# P0103 MAF



## 01Golf (Sep 30, 2008)

A few weeks ago i got a code on my 01 Golf. It was P0102 (MAF circuit low input). After resetting the code a few times & having it come back, I got a new one from the dealer (very expensive), reset the code & the car was fine for about 50 miles then the check engine light came back. This time it gave me a different MAF code P0103 (MAF circuit high input). Could the dealer have given me a bad MAF sensor? I have reset the latest code a few times now but it comes back with the P0103. Any ideas? After reading so much here about MAF I know the part # on the one the dealer gave me was the latest & greatest
P# 06A906461A


_Modified by 01Golf at 1:16 PM 4-11-2009_


----------



## jcee2k5 (Feb 10, 2009)

I have that same code P0102, I just reset the code & will wait to see if it comes back. If so, I think a new MAF is going to have to be ordered, but from GAP. Stealerships want more $$ for this piece.


----------



## 01Golf (Sep 30, 2008)

I know you dont want to hear this but get an OEM Bosch MAF from the dealer. I bought a cheaper MAF from an autoparts store & it was bad. I returned it & got another, that was bad (throwing codes & wouldnt run right). I brought that one back, told the cheap auto parts store that i just wanted a refund ($120.00) & went to the dealer, pair $222.85 (last week) & the car now runs fine but i have the new code P0103. People here told me to get an OEM MAF & not a cheap auto parts store MAF. I didnt listen LOL. I found out the hard way so i am passing this on to you. Get the OEM one from the dealer. This is the one sensor you cant cheap out on.


_Modified by 01Golf at 10:09 AM 4-12-2009_


----------



## 01Golf (Sep 30, 2008)

I know you dont want to hear this but get an OEM Bosch MAF from the dealer. I bought a cheaper on from an autoparts store & it was bad. I returned it & got another, that was bad (throwing codes & wouldnt run right). I brought that one back, told the cheap auto parts store that i just wanted a refund (120.00) & went to the dealer, pair 222.85 (last week) & the car now runs fine but i have the new code P0103. People here told me to get an OEM one & not a cheap auto parts store one. I didnt listen LOL. I found out the hard way so i am passing this on to you. Get the OEM one from the dealer. This is the one sensor you cant cheap out on.


----------



## jcee2k5 (Feb 10, 2009)

Yea, the MAF from German Auto Parts (GAP) is an OEM Bosch for $194. It's a couple bucks cheaper than the stealership. 
I reset the codes last night & will wait to see if that code comes back. Did your CEL come on? Mine didn't come on & decided to scan it anyways & the code came up P0102. Mine is (MAF circuit low input) something like that. Did you try cleaning the MAF? I cleaned mine about 2 weeks ago already, maybe I should try again.
http://www.germanautoparts.com...l/5/2


----------



## 01Golf (Sep 30, 2008)

Yeah my code P0103 came back last night & I have a new OEM Bosch MAF from the dealer I put in a few days ago! HMMM its got me stumped. I talked to a VW rep & he said they wont repl the new MAF unless I take the car in for a checkover/diagnostic at $92.00 & if they find the new MAF i put in from them is bad, they will repl the MAF and waive the check over fee. They also said that if it wasnt the MAF thats the prob (how could it not be with a MAF code??) they will tell me what is the prob so i can fix it. The guy was also telling about how the connector to the MAF can go bad.


----------



## FL 2.0L (Aug 1, 2002)

Maybe try cleaning the connector yourself and try some dielectric grease in there. Any air leaks before the maf?

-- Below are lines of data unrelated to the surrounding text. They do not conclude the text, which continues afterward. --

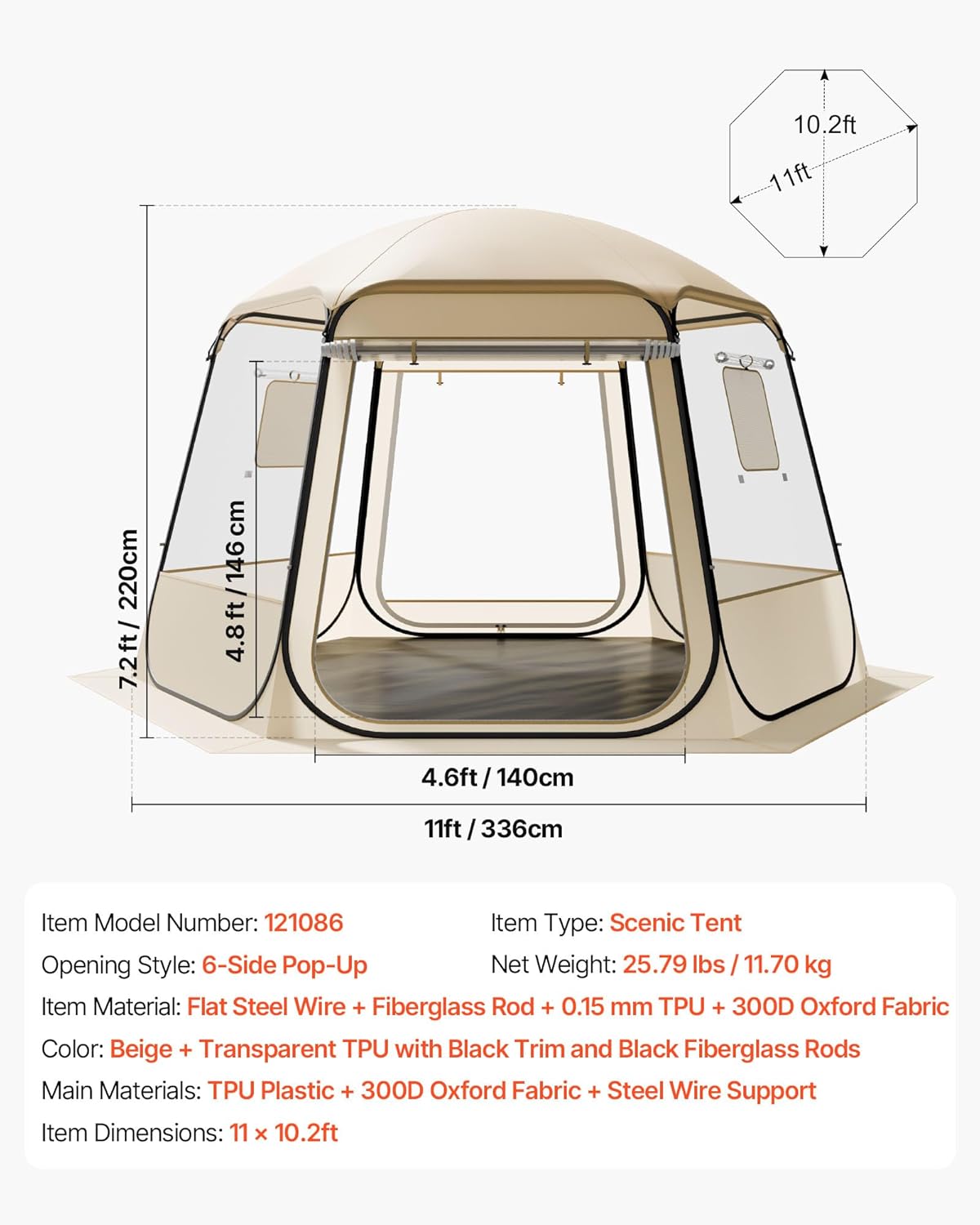 Clear Pop-Up Bubble Tent: Easily sets up this pop up bubble tent in seconds with a quick pop-up design, best for cool autumn/winter use (not for hot weather). Spacious 11×10.2×7.2 ft interior fits 8–10, yet the 25.79 lb build stays easy to carry between patio, lawn, and park. Enjoy a 540° panoramic view and fully immerse yourself in the natural surroundings. Note: Not recommended for use in heavy rain, strong winds, or snowstorms.
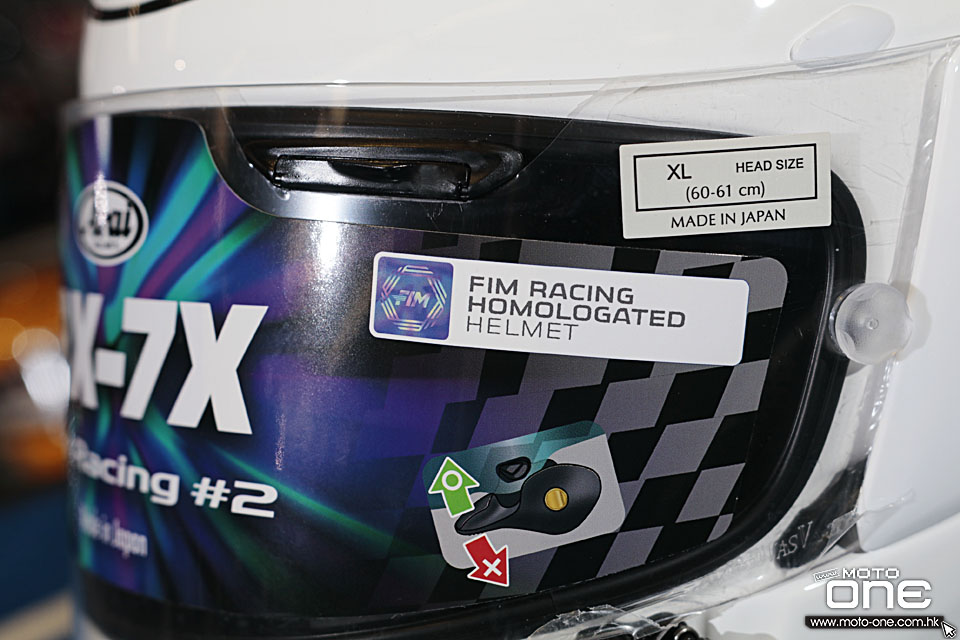 ARAI RX-7X FIM RACING #2 - FIM FRHPhe-02 最高級安全認證的賽車全面頭盔 FIM 於 2023 年 11 月正式公布,這款Arai RX-7X FIM RACING #2 新頭盔已取得新一代 FRHPhe-02 頂級賽車頭盔安全認證,並可即時用於 FIM 賽道賽事;其後 Arai 亦確認,所有外殼尺碼均已通過相關標準。近日,ARAI 最新的 RX-7X FIM RACING #2賽車頭盔到港,原裝已附有尾擾流板,無需另購,並有黑與白兩色可供選購。
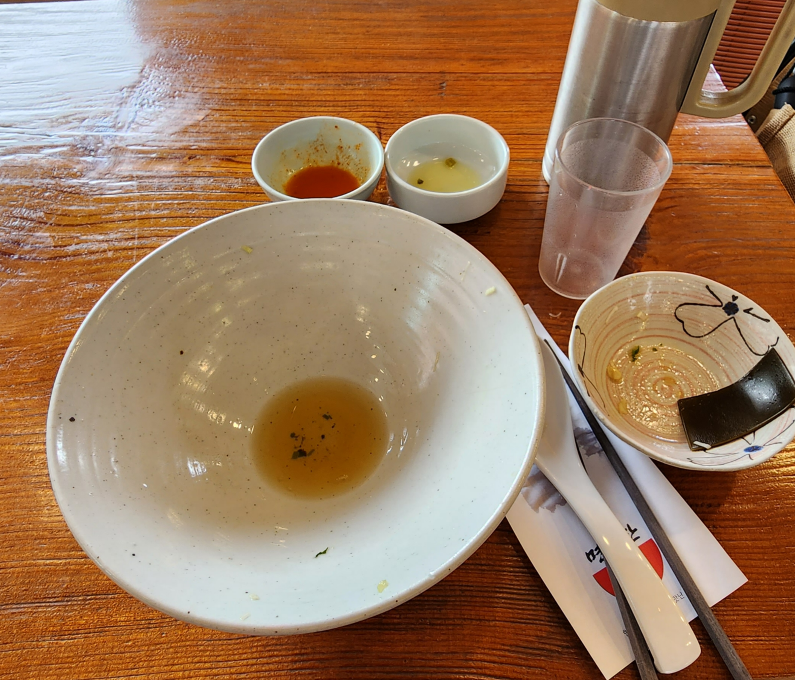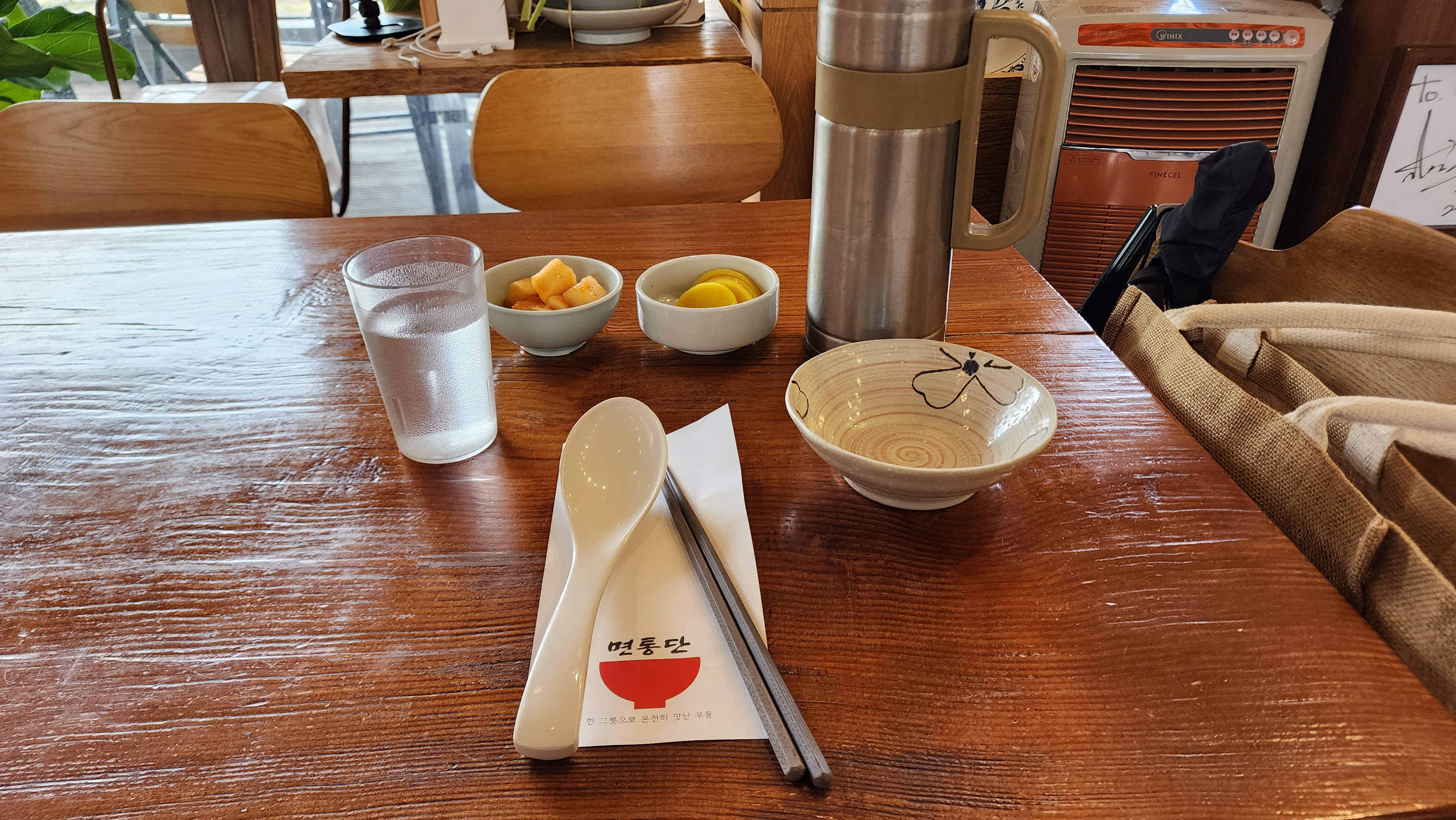 물, 깍두기, 고추피클, 단무지, 수저, 젓가락, 앞접시를 가져다 주시더군요.
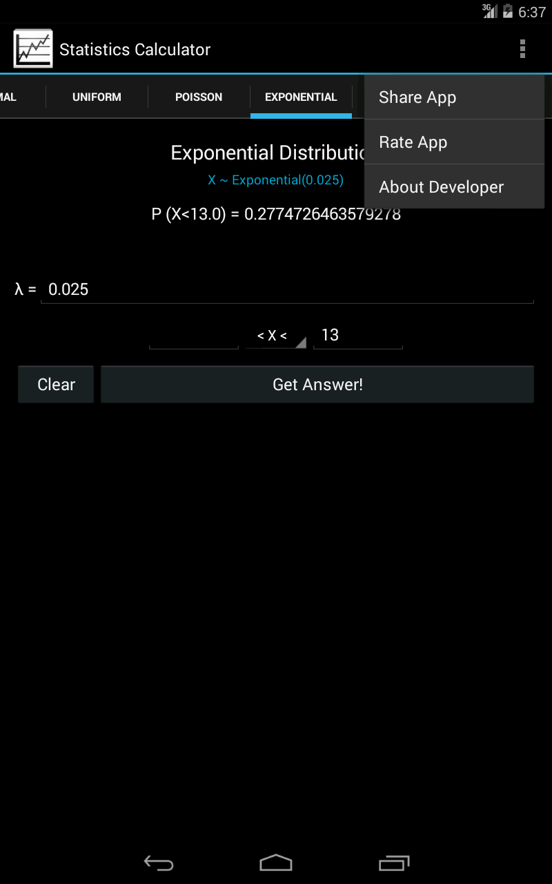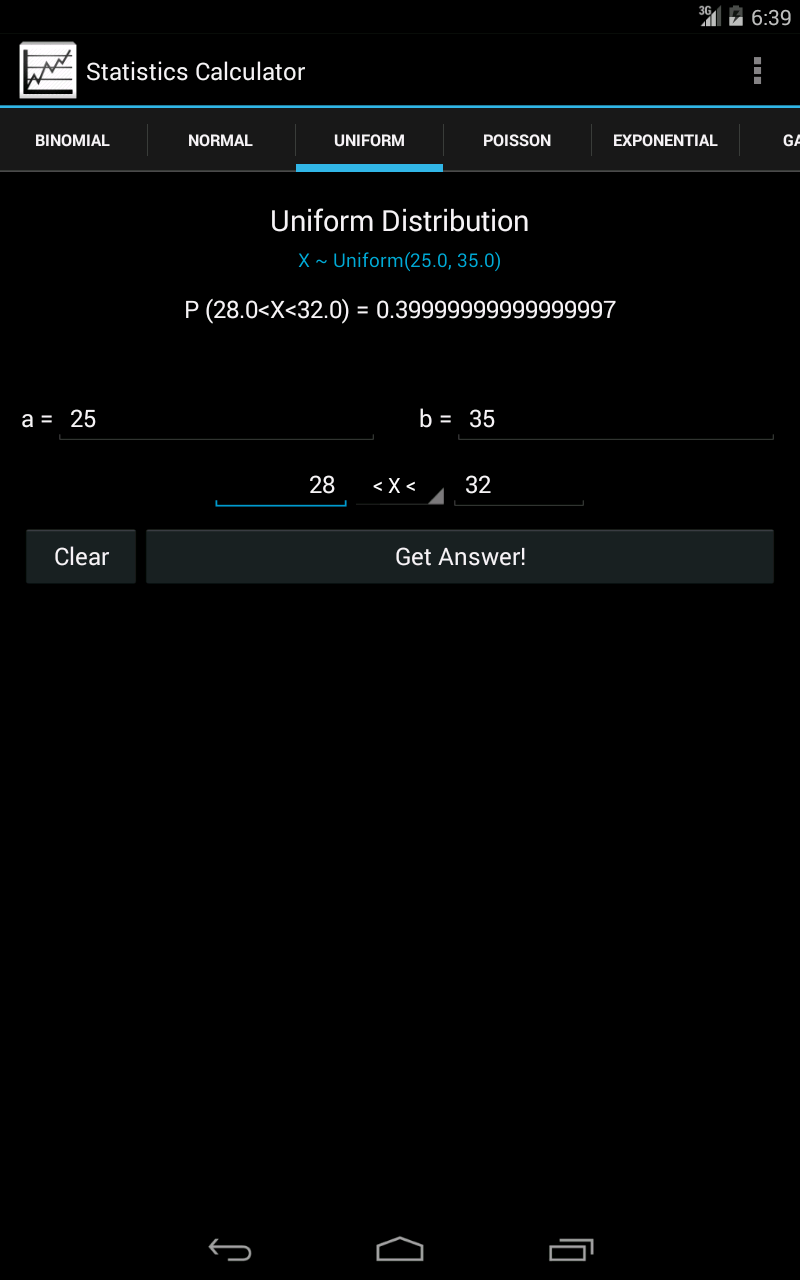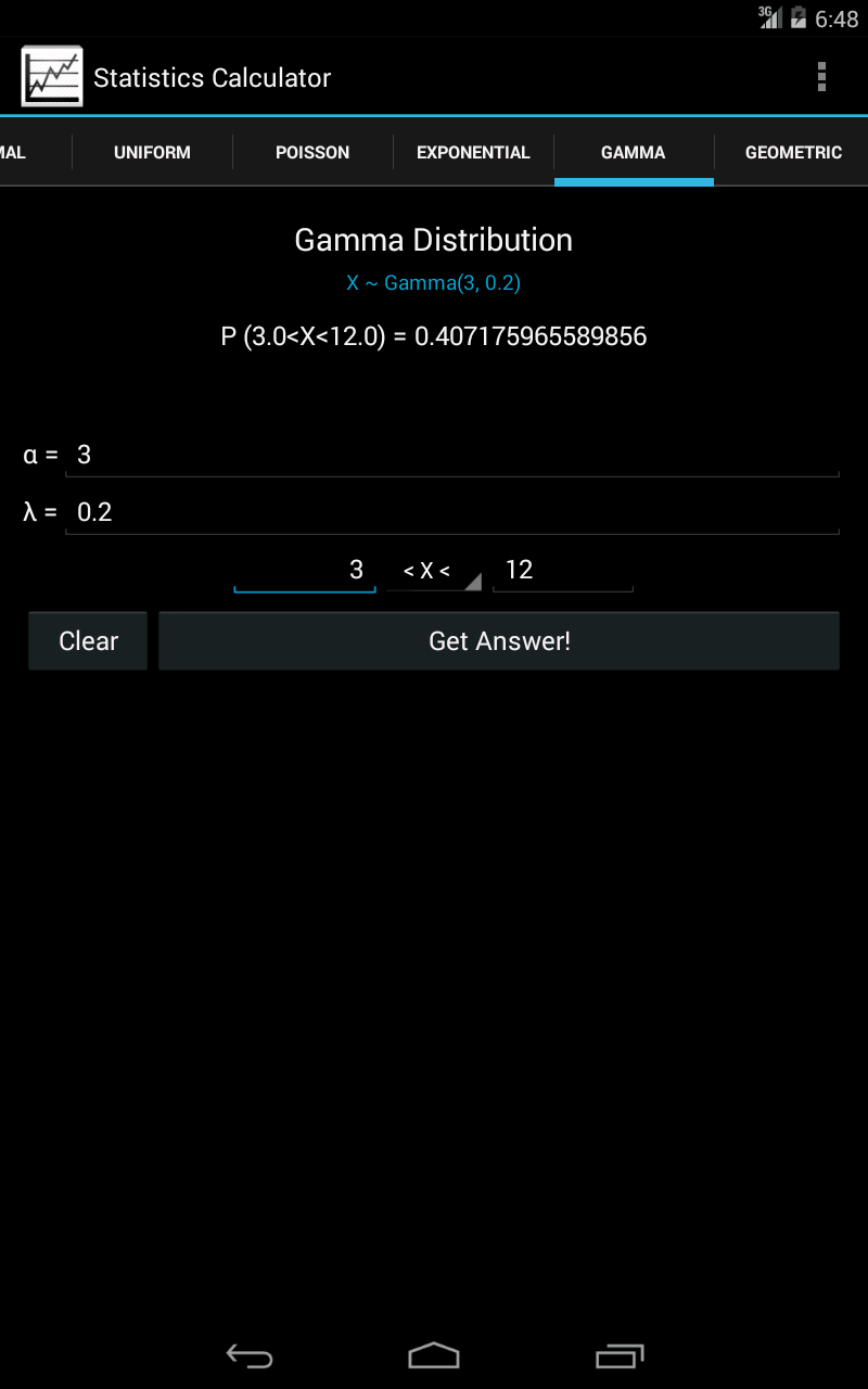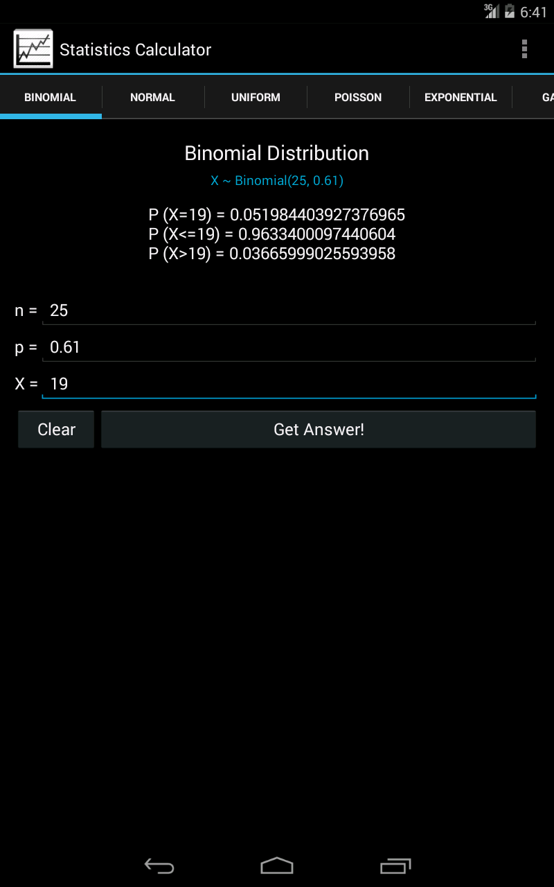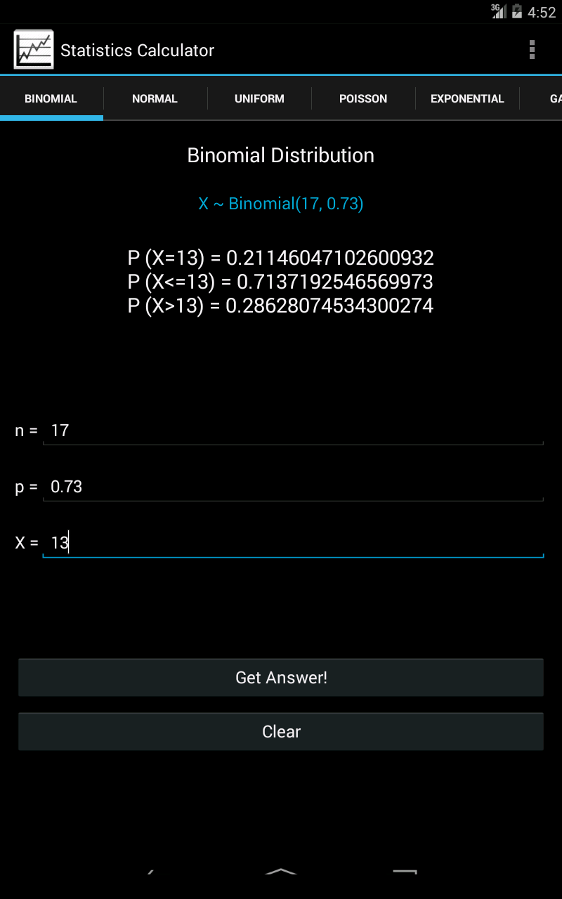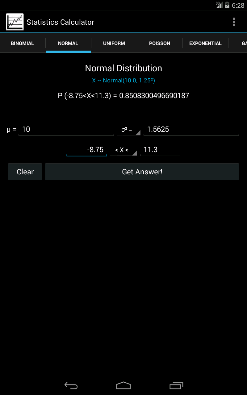 Taking a statistics course in high school or university? Then this is the app you'll definitely be wanting to check your answers. With its rich and easy to use user interface Statistics Calculator will help you find probabilities of random variables which follow certain probability distributions.
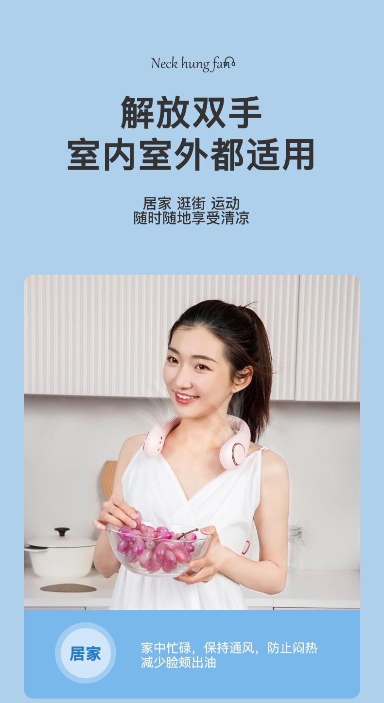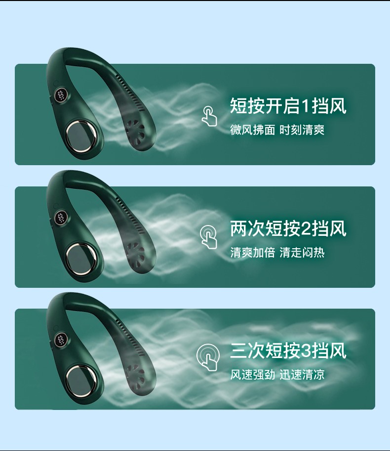 艾青春(AIYOUTH) 挂脖风扇随身便携式USB无叶小风扇手持挂颈懒人长续航静音迷你电风扇N20
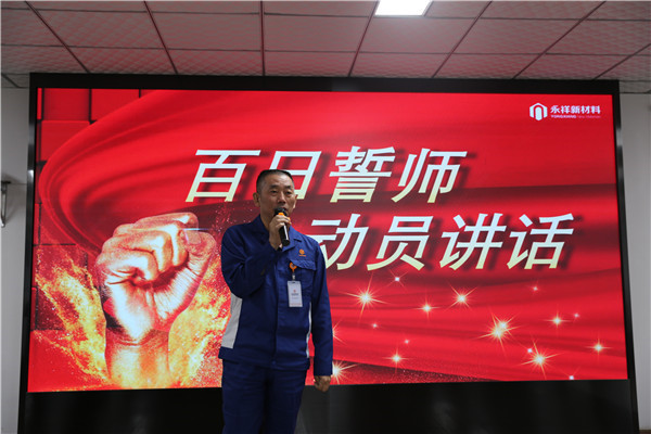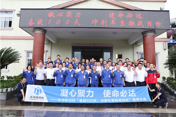 凝心聚力、使命必達(dá),為激發(fā)全體永祥新材料人的拼搏精神,增強(qiáng)沖刺年度挑戰(zhàn)目標(biāo)的決心,9月24日,永祥新材料成功召開2022年“奮戰(zhàn)100天,沖刺年度挑戰(zhàn)目標(biāo)”誓師大會(huì),公司常務(wù)副總經(jīng)理廖萬能、副總工程師吳銘生、總經(jīng)理助理李文彬、各部門助理工程師及以上人員、后勤職能部門全員參會(huì)。會(huì)議由人事行政部副經(jīng)理先鴻敏主持。
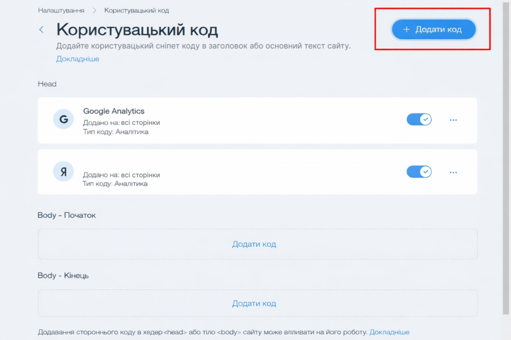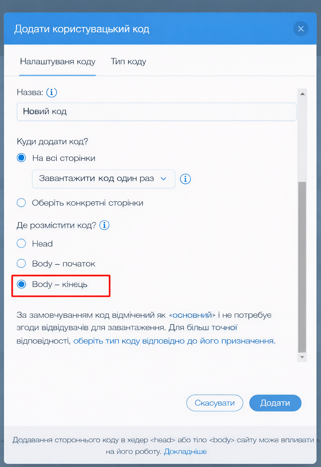 - У пункті Де розмістити код? вкажіть Body-кінець. Натисніть кнопку Додати.

_Modified by FL 2.0L at 11:35 AM 4-12-2009_


----------



## 01Golf (Sep 30, 2008)

There are no air leaks before the MAF. Everything looks & sounds tip top.


----------



## rjhinman (Apr 25, 2010)

*Anybody ever find a solution to this problem?*

I've got the same issue on an '01 Cabrio... replaced the MAF, and rewired a new harness onto the existing wires. At first I was getting a low input P102. Now I'm getting a high input code P103. 
I'm also getting high resistance on one, (but not both), of the internal grounds at the MAF harness. 
Checked resistance between the ECU wiring harness and the MAF harness, and all check out fine. Where could this resistance be coming from that is affecting only one of my MAF internal grounds?
Looking for an ECU pinout diagram so I can look into it further. Any help is appreciated.


----------



## dkfackler (Feb 8, 2010)

*Re: (01Golf)*

What's your engine code? I have an '01 with the AZG engine and the same issue. I am beginning to suspect the ECM. In running the procedure in Bentley, there is no continuity from terminal 1 of the harness to ground(it grounds through the ECM). I've removed the harness from the ECM and tested all the wiring(good). All that remains is a dodgy ECM. Sigh. As a last-ditch effort, I'll open the plenum and shine up the ground terminals.
IIRC, there are some Golf models with the AZG engine.
As I digest the wiring diagrams, there are several circuits grounding via this same current track-- one is the upstream O2 sensor, so that is probably complicit in the rich running condition.
A MAF code doesn't always mean a bad MAF. It can be wiring, throttle adaptation or a host of other things.


----------



## ikerpup (Mar 27, 2010)

*Re: Anybody ever find a solution to this problem? (rjhinman)*


_Quote, originally posted by *rjhinman* »_I've got the same issue on an '01 Cabrio... 
. . .
Looking for an ECU pinout diagram so I can look into it further. Any help is appreciated.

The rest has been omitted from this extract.